AirMagnet
- Company type: Subsidiary
- Industry: Network management, Wireless security
- Fate: Acquired by Fluke Networks
- Headquarters: Sunnyvale, California, United States
- Area served: Worldwide
- Parent: Fluke Networks
- Website: www.flukenetworks.com (current) www.airmagnet.com (defunct)

= AirMagnet =

Former tech company

AirMagnet was a Wi-Fi wireless network assurance company based in Sunnyvale, California. The firm was founded in 2001 by Dean T. Au, Chia-Chee Kuan and Miles Wu and shipped its first WLAN analyzer product in 2002. In August 2006, the company shipped the Vo-Fi Analyzer, the first voice-over-Wi-Fi analyzer that could be used on encrypted VoWLAN networks. It was backed by venture capital firms such as Intel Capital, Acer Technology Ventures and VenGlobal.

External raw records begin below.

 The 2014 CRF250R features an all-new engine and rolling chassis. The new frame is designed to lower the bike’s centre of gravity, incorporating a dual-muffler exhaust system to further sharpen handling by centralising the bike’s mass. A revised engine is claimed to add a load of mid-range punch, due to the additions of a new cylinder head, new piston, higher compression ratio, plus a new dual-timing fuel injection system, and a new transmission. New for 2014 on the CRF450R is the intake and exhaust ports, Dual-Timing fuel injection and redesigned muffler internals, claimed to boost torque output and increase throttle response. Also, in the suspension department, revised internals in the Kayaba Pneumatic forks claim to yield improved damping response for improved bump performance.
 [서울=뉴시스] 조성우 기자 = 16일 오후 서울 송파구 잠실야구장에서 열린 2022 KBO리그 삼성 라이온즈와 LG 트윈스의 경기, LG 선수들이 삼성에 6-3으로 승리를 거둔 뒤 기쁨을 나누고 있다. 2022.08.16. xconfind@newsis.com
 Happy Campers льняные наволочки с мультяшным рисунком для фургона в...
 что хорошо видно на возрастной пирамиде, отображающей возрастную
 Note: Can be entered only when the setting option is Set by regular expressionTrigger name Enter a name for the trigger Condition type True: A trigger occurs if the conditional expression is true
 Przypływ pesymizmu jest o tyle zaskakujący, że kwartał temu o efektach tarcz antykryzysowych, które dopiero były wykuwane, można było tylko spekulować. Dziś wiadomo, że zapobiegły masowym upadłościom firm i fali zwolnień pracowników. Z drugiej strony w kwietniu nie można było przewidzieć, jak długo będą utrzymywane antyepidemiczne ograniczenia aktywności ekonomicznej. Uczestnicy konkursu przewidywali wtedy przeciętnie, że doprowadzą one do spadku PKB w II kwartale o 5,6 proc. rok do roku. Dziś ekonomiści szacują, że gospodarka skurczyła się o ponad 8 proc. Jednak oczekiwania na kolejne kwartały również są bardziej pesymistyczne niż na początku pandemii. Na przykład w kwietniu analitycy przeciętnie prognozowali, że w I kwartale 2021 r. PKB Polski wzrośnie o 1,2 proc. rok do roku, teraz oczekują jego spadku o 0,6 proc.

The company manufactured and sold a suite of wireless site survey tools, laptop analyzers, spectrum analyzers, handheld analyzers, network management and troubleshooting solutions (including wireless access point management via LWAPP), as well as wireless intrusion detection systems (WIDS) and wireless intrusion prevention systems (WIPS) products and VoWLAN instruments.

In August 2009, Fluke Networks acquired AirMagnet. which later became part of NetScout.

On September 14, 2018 NetScout divests Handheld network testing (HNT) tools business to a private equity firm StoneCalibre. This transaction includes AirMagnet Mobile solutions. AirMagnet Enterprise product line of WIPS monitoring solutions was retained NetScout.

August 14, 2019 StoneCalibre launched acquired HNT products as a new company NetAlly.